We tend to look back at Steve Jobs and assume his success was simply a matter of having brilliant ideas. We think of him as an artist who painted beautiful visions of the future.
But that is fundamentally misunderstanding his role. Lots of people have brilliant ideas. Jobs was successful because he acted as a violent, relentless counter force to order.
Jobs was up in the middle of the night. He was calling engineers at 3:00 AM to complain about the curvature of a plastic bezel. He was famous for walking into a room, looking at months of carefully planned, highly organized work, and throwing it in the garbage.
The Necessity of Disagreement
We have a massive misconception about the creative process. We imagine that creativity is purely about generating things. We assume it is driven by the psychological trait of openness. We picture a room full of happy people brainstorming on a whiteboard.
But the creative process actually requires two distinct components. It requires a productive component, yes. But it also requires a culling component. It requires a mechanism to kill the things that are merely good in order to make room for the things that are great.
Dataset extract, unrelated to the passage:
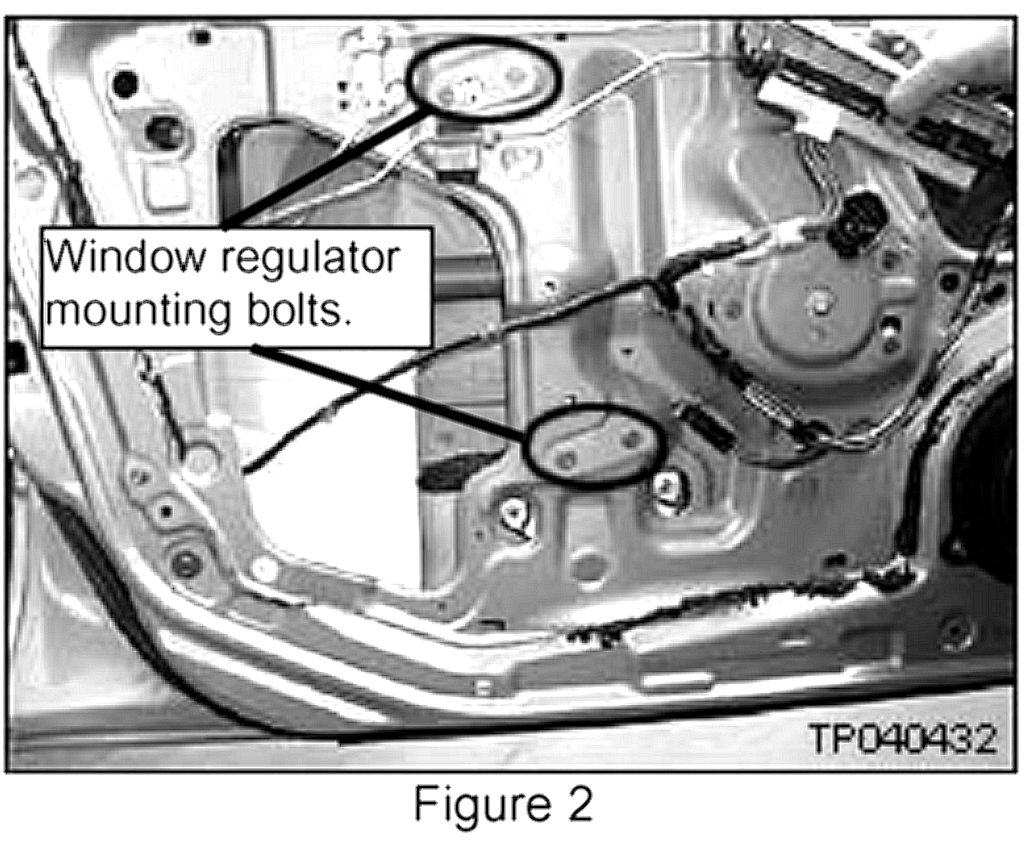 2. Loosen all four window regulator mounting bolts.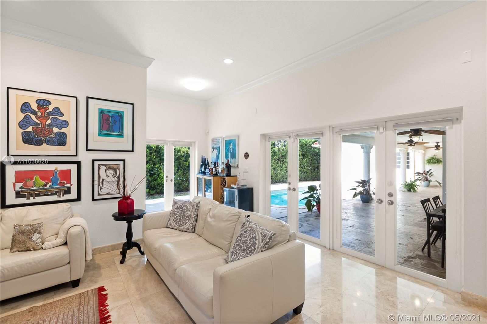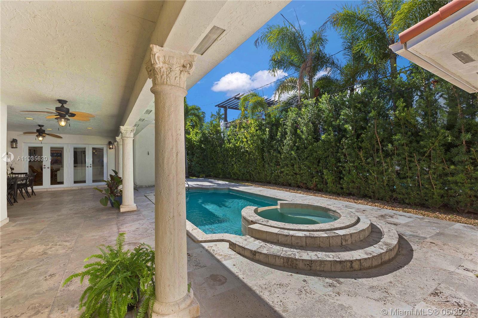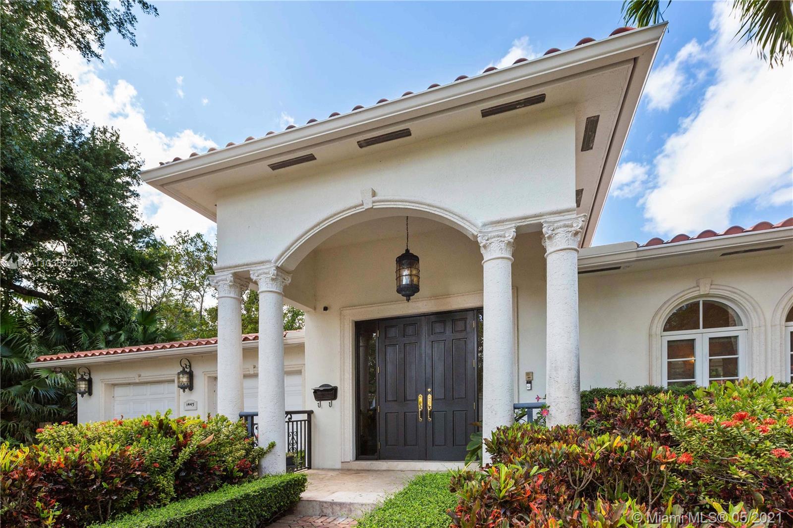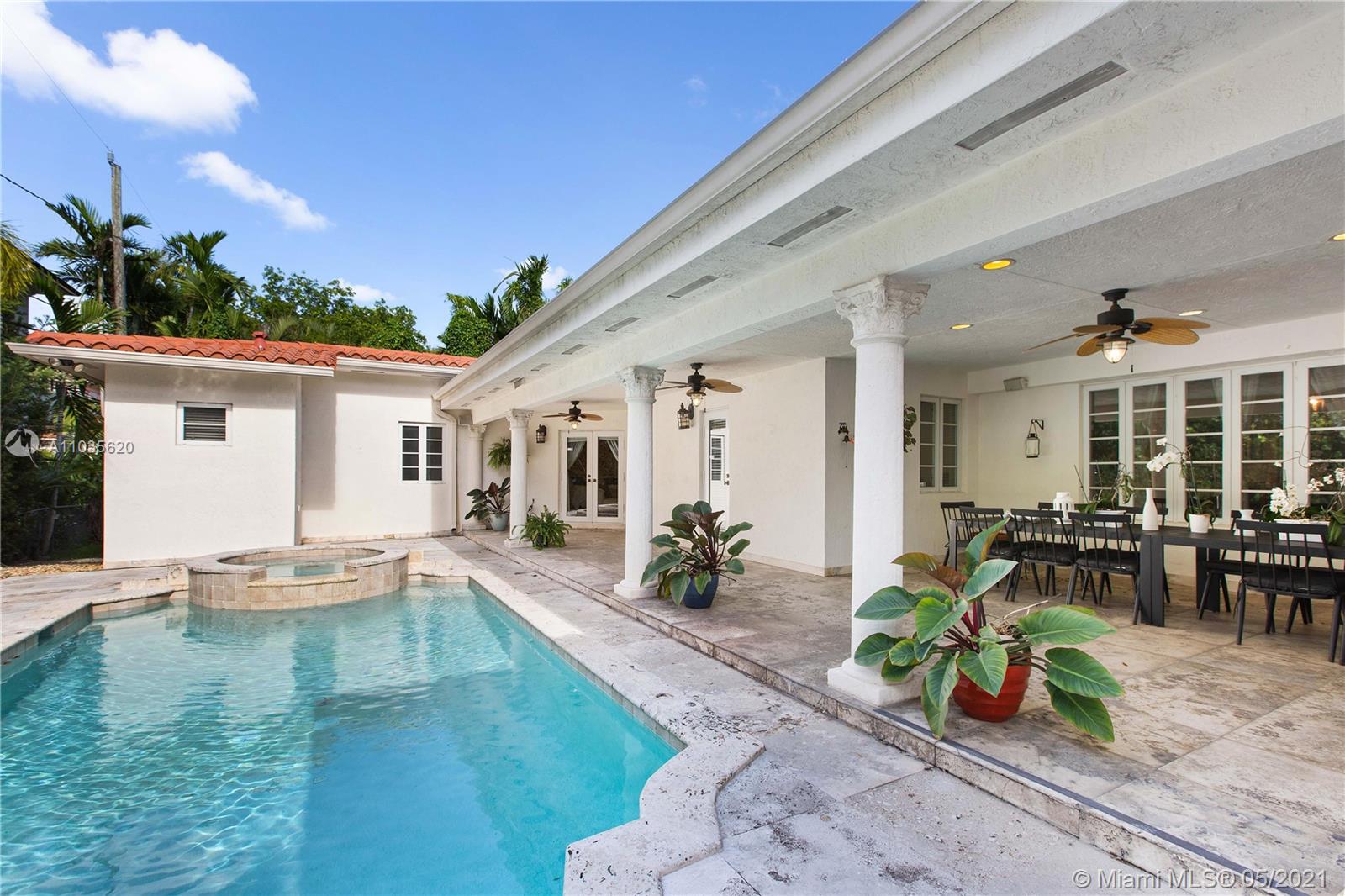 Beautiful Mediterranean Home in Coral Gables. 4-bedrrom, 3.5 baths on a large 12,500 sq.ft. lot. This beautiful home has an open floorplan, updated kitchen with wood cabinets and stainless appliances, impact windows and doors throughout and a two car garage. Travertine and wood floors as well as a great covered patio overlooking the pool and spa. This home will not last on the market, so hurry and put your best foot forward.

Psychologists measure human personality using the Big Five traits. One of those traits is Agreeableness. Highly agreeable people value social harmony. They want everyone to get along. They want the meeting to end on time. They want the schedule to be met.
The culling component of creativity requires the opposite. It requires Low Agreeableness.
It requires the ability to look a team of exhausted engineers in the eye and say, “No.” It requires a complete disregard for the comfort of the organizational chart. Both Steve Jobs and Elon Musk possess this trait in staggering quantities. They are notoriously difficult. They are uncompromising. They actively introduce chaos into systems that are desperate to become peaceful.
They do this because they instinctively understand the danger of the curve. They know that if they allow the company to become perfectly comfortable, the company will die.
The Mirage of Perfection
We spend billions of dollars every year trying to optimize our lives. We download apps to track our sleep. We color-code our digital calendars. We seek out the warm, comforting blanket of total predictability. We desperately want to believe that if we just find the right system, everything will be perfect.
But perfection is a mirage. The very friction we are trying to eliminate is the exact thing keeping us alive.
The next time you find yourself frustrated by a messy desk, a disorganized project, or a deeply difficult colleague, take a moment to pause. You might be looking at the only thing standing between you and the inevitable, quiet death of order.